Data sourced from specialist staffing firm Xpheno show that the seven top Indian IT services companies and ten mid-tier ones currently have about 695,500 people at the mid-junior to mid-senior level with five to thirteen years of experience. In comparison, freshers, entry-level, and junior engineers stand at about 530,150 – a clear tapering of the structure.
“The distribution does have a big fat middle layer. The hyper-hiring phase in 2021–2022 has contributed to a broad layer of junior talent falling in the three-to-five-year bracket, and also to a wider mid-layer in the five-to-nine and nine-to-thirteen layers. These are also the layers where the highest churn occurred during the buoyancy. The layers below have relatively shrunk due to the low intake volumes in the last three intake cycles,” Kamal Karanth, co-founder and chief executive of Xpheno, said.
A slow-growth environment over the last three years has also contributed to this. Companies now need more experienced people to work on live projects quickly, according to experts.
“The structure will evolve. It depends on the people and how much we hire and train them. Depending on that, the structure will change and will be more like a diamond structure rather than a normal pyramid one,” said C Vijayakumar, chief executive and managing director of HCLTech.
Experts say this change is likely to take a firmer shape going forward, as the industry is unlikely to hire at the scale it did earlier, with clients looking for more efficiency to be passed on to them in a slow-growth environment.
Vijayakumar added that while HCL will continue to hire a lot of entry-level engineers, the “expectation from them will be higher so that instead of just writing codes, they can validate the codes written by coding assistants”.
On the other hand, the cost of training freshers and making them billable for clients is a significant investment in money and time, which many companies will be cautious about in a volatile macroeconomic environment. If hiring were to slow down next financial year, the change in shape will only become more profound.
“As more and more work becomes automated and a range of lower-level and higher-level tasks are replaced by AI, the need for a classic command-and-control pyramid structure goes away. In fact, automation and AI break off chunks of the pyramid. As more humans manage more bots, the pyramid looks more like a diamond,” Ray Wang, founder and chairman of Constellation Research, wrote in a blog in March.
However, challenges remain, and the most critical one is reskilling the workforce at scale while also pivoting delivery and engagement models and maintaining operating margins.
Hansa Iyengar, an independent analyst, said that margins are likely to compress initially due to reskilling investments, but can recover as AI efficiencies scale up.
“There will also be initial dents in profitability as vendors pivot, but long-term cost savings and higher-value engagements will reverse that trend as productivity per employee improves.”
It is also undeniable that the pyramid structure lends scalability and for any IT services business, entry-level engineers are a must.
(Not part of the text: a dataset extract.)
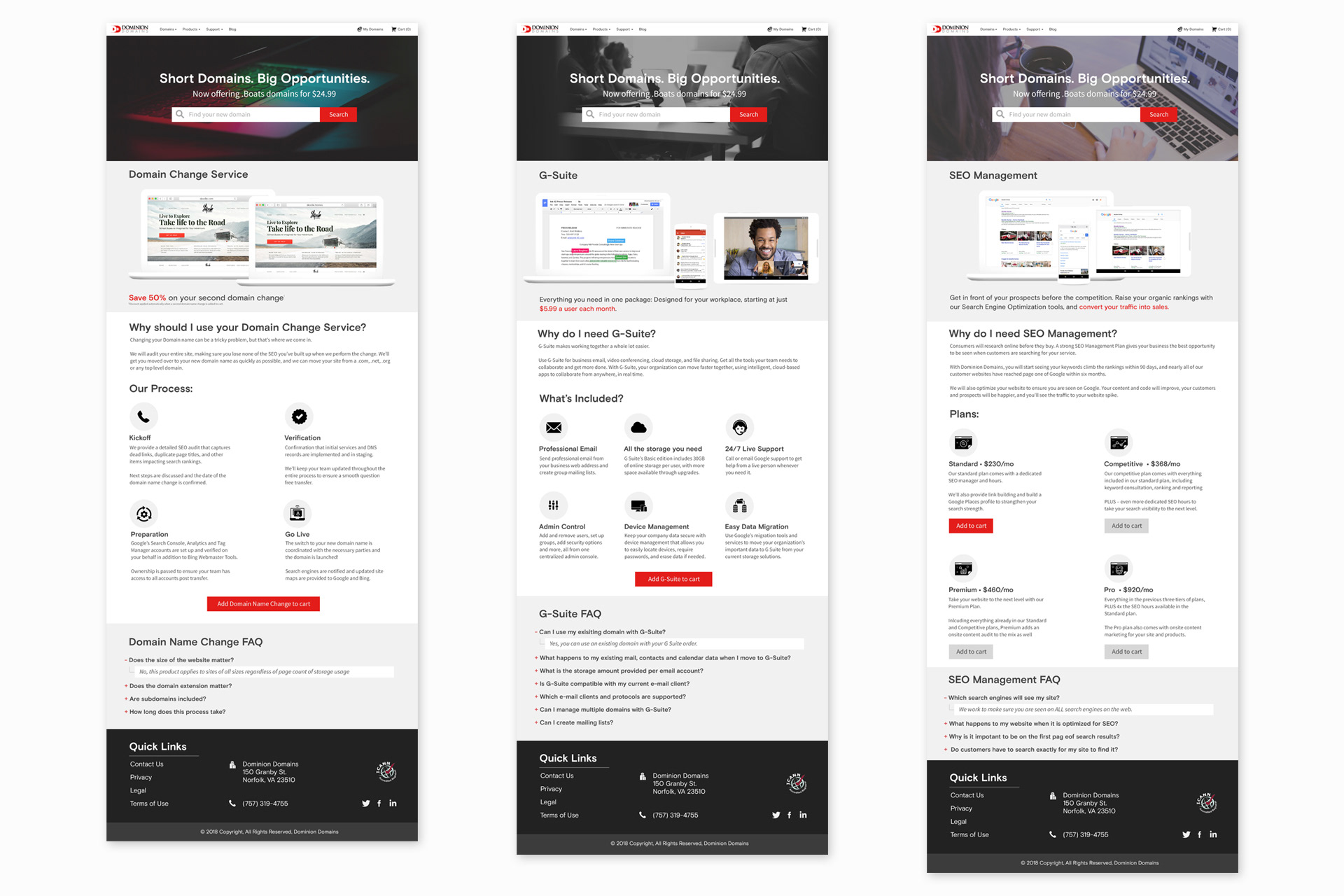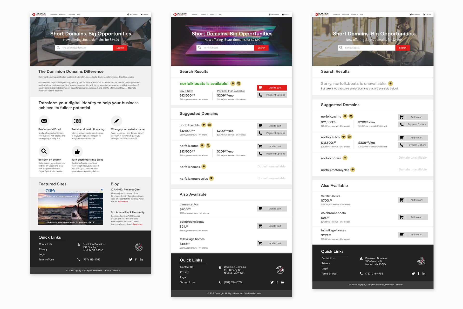Site Redesign concept for the Dominion Domains main page. An attempt to bring continuity in design and an overall easier shopping experience

“Some of that is up in the air as to if it is not a pyramid, how do you create the scale. But I think solutions will emerge and the most important things for the next two years will be companies investing in reskilling and having clarity on what is the skillset of a new software engineer and are they going to invest in that. Those that do will remain competitive,” said Rohit Kedia, chief executive officer of Xoriant.